Recorded data
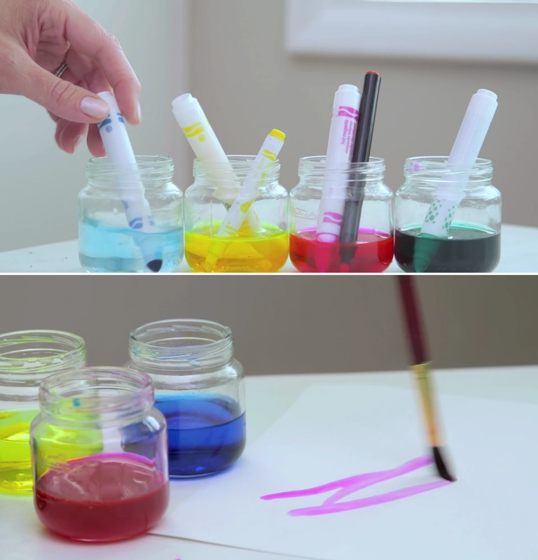5. Muitas vezes os pequenos artistas esquecem de colocar a tampa de volta nas canetinhas. Então, na próxima vez que elas acabarem secas, coloca-as em potes com água. A ponta ficará outra vez húmida e as canetinhas (e a água colorida) terão uma segunda vida como materiais para pinturas estilo aquarela!
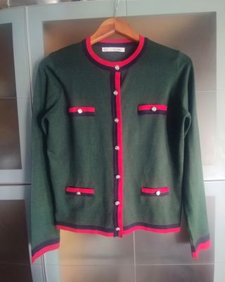 Como nueva, muy suave, un sólo uso. Mide de sisa a sisa 45 cm y de largo desde el hombro 56 cm. Color verde oscuro con los filos y adornos en azul marino y rojo. Botones dorados.
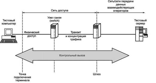 Б.1.3 Приведенная конфигурация основана на контрольных вызовах, при этом тестовый сервер должен быть приближен, насколько это возможно, к шлюзу, обеспечивающему взаимосвязь между сетью оператора связи, который оказывает услуги по установлению соединения, и сетью оператора, оказывающего телематические услуги. Этим достигается исключение влияния контрольных вызовов на сеть оператора, оказывающего телематические услуги. Показатели отразят только качество связи между абонентским терминалом и сервером доступа (тестовым сервером).
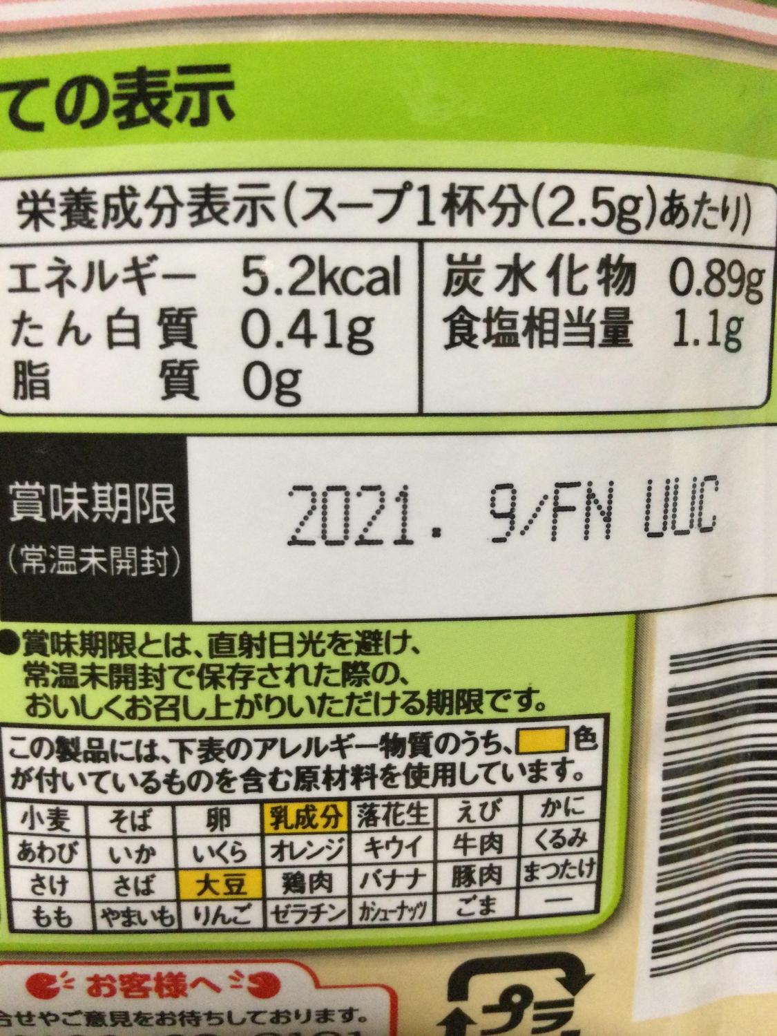 食品単位スープ1杯分(2.5g)あたりエネルギー5.2kcalタンパク質0.41g脂質0g食塩相当量1.1g炭水化物0.89g詳細を見る
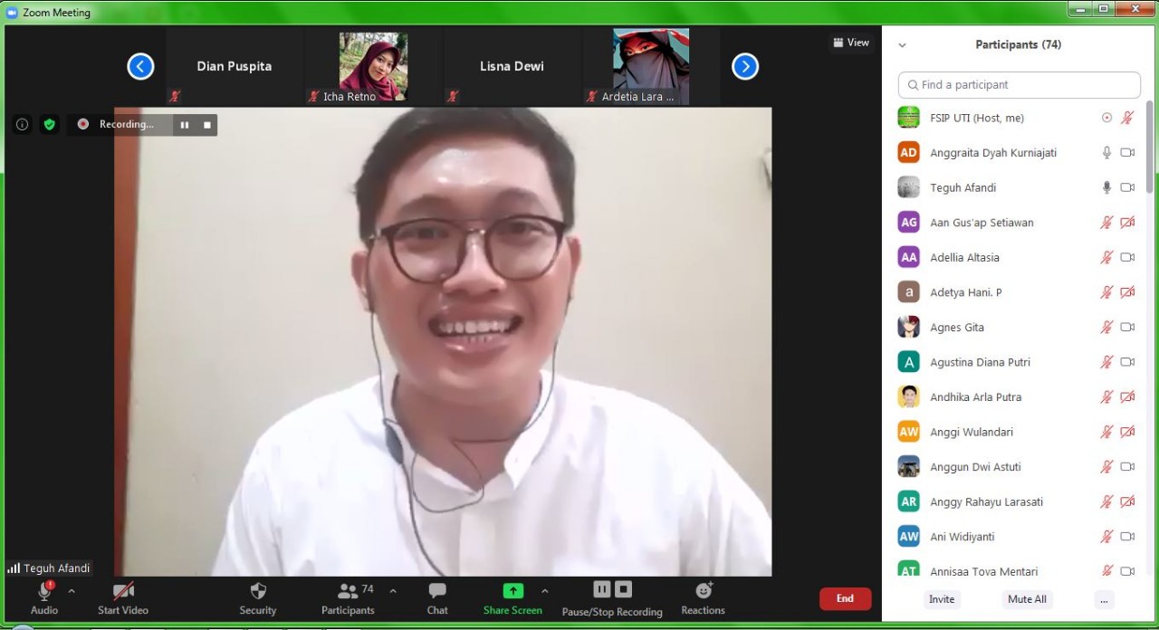 Saibumi.com (SMSI), Bandar Lampung – Program studi Sastra Inggris Universitas Teknokrat Indonesia (UTI) menggelar “Virtual Talk Vol. 1” dengan mengundang editor bidang sastra dari Gramedia Pustaka Utama, Teguh Afandi.
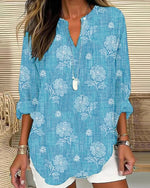 Bluse Kronbladsærmer V-Udskæring Printet
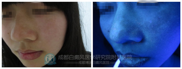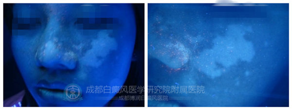4、wood灯:面部均有不同程度色素脱失性白斑
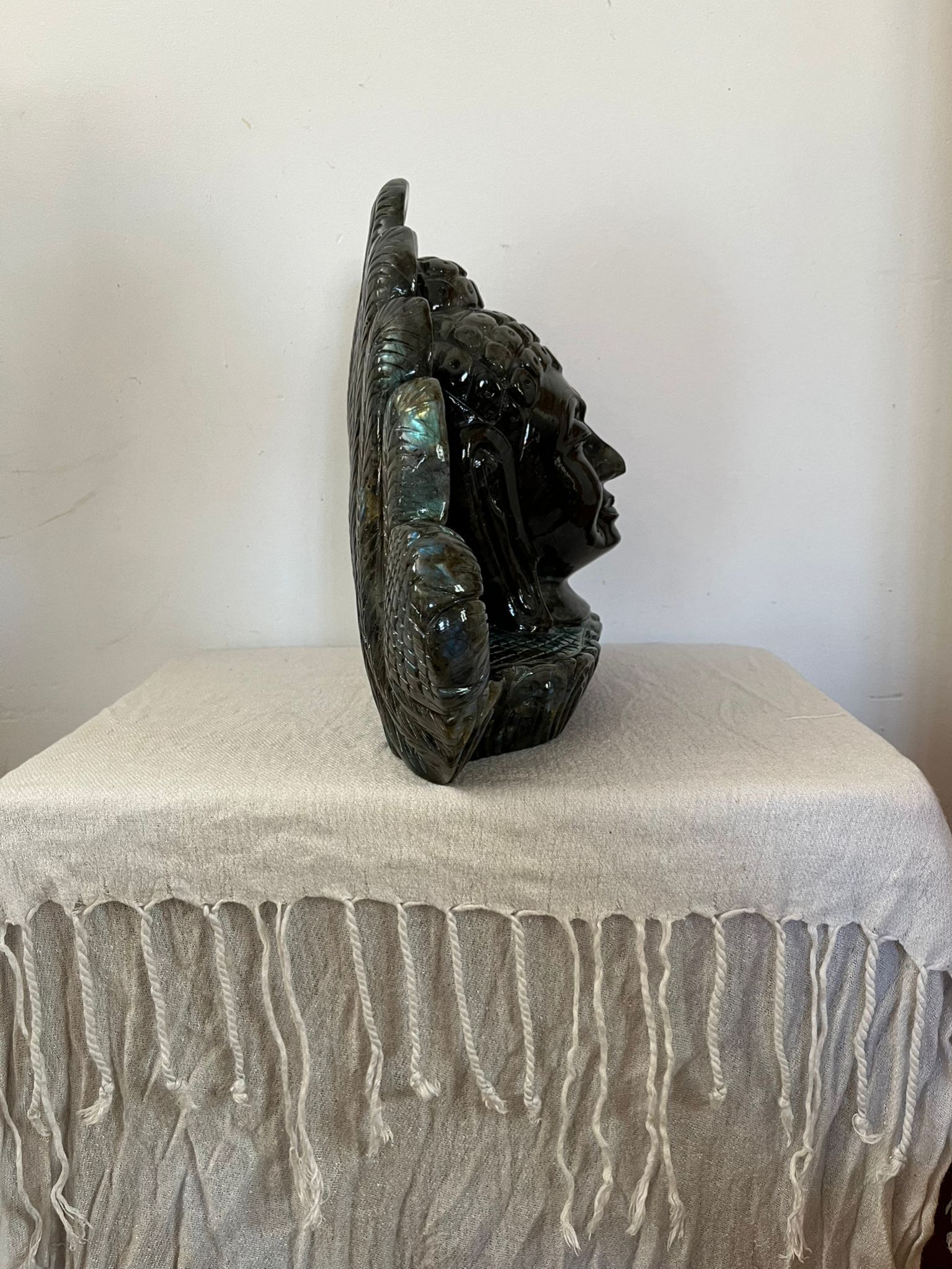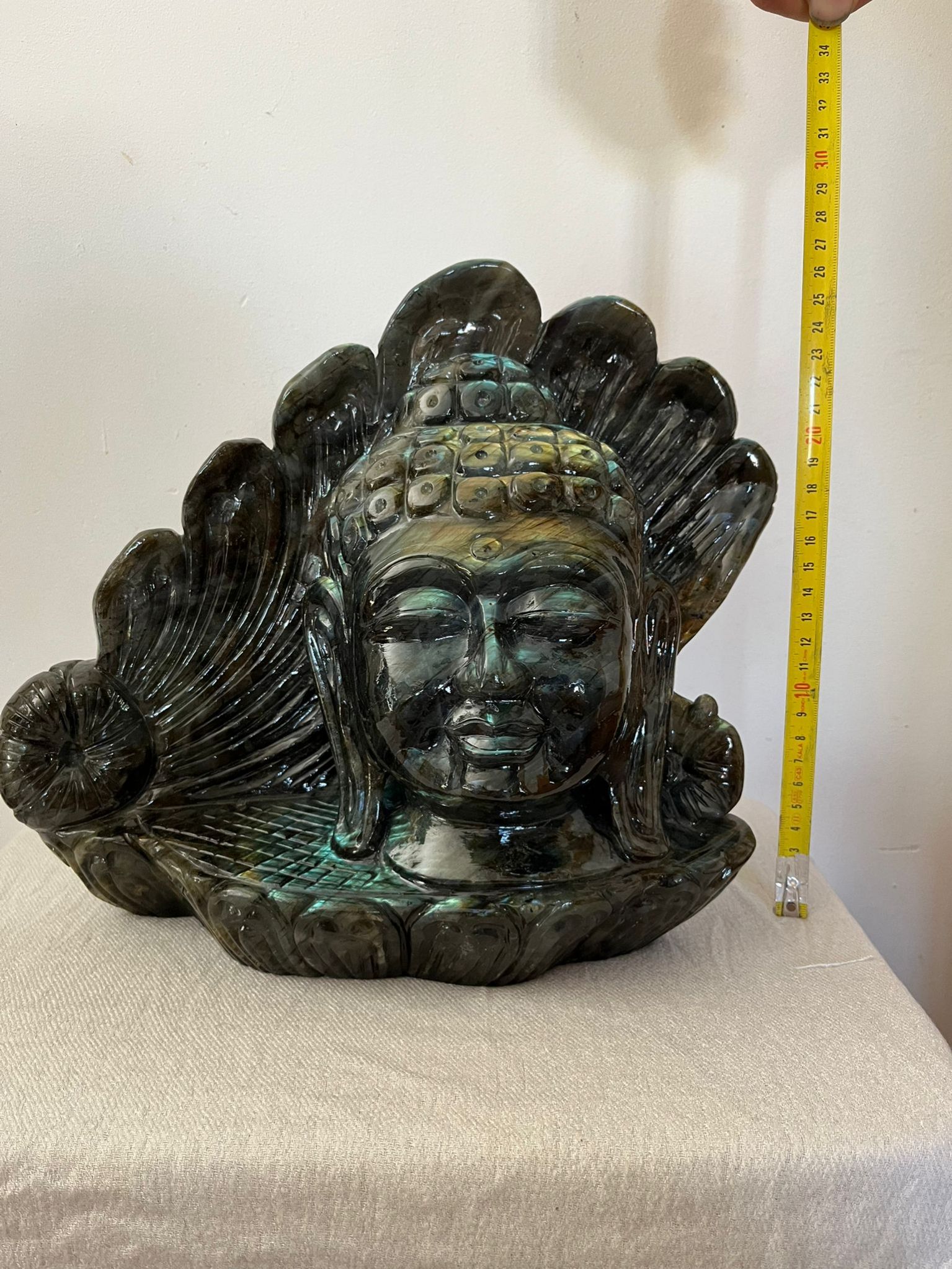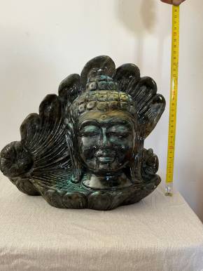 Прекрасная и редкая скульптура головы Будды, вырезанная из цельного куска лабрадорита (из Мадагаскара). Свойства и преимущества лабрадорита: - балансирует пищеварительную систему - защищает от негативной энергии - стимулирует иммунную систему - стимулирует вдохновение - регулирует гормональные нарушения - уменьшает чувство стресса и тревоги - придает энергии. Эта великолепная статуя весит более 9 килограммов и имеет высоту 26 сантиметров.
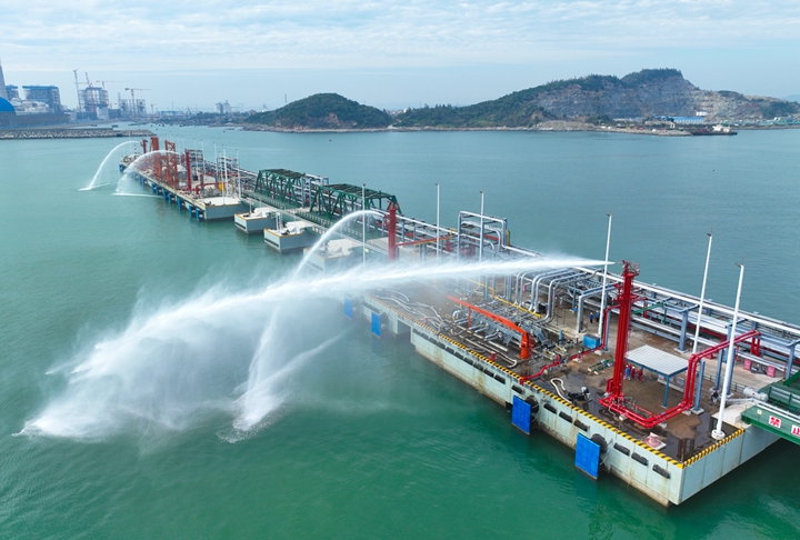 2023年12月27日,隨著8條“水龍”噴涌而出,博賀新港區(qū)東區(qū)化工碼頭消防系統(tǒng)聯(lián)運(yùn)調(diào)試工作取得圓滿成功,這標(biāo)志著繼油品碼頭之后,茂名港集團(tuán)化工碼頭也完成了由項(xiàng)目建設(shè)轉(zhuǎn)向生產(chǎn)運(yùn)營的關(guān)鍵一環(huán)。
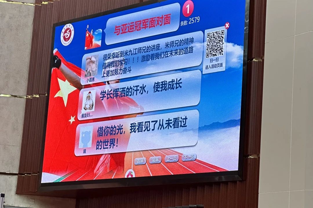 “很荣幸听到米久江师兄的讲座,米师兄的精神值得我们学习!激励着我们在未来的道路上更加努力奋斗!”“学长挥洒的汗水,使我成长!”“借你的光,我看见了从未看过的世界。”“只有不放弃,才能有奇迹。”“冠军,是日复一日的重复训练,攻坚克难造就的。好厉害,我要学习这样的精神”等等。

Your instructions:
Return only the lines from the start of the data through the line that contains "Como nueva, muy", please, copying them exactly and omitting all pictures.

Output of the task:
5. Muitas vezes os pequenos artistas esquecem de colocar a tampa de volta nas canetinhas. Então, na próxima vez que elas acabarem secas, coloca-as em potes com água. A ponta ficará outra vez húmida e as canetinhas (e a água colorida) terão uma segunda vida como materiais para pinturas estilo aquarela!
 Como nueva, muy suave, un sólo uso. Mide de sisa a sisa 45 cm y de largo desde el hombro 56 cm. Color verde oscuro con los filos y adornos en azul marino y rojo. Botones dorados.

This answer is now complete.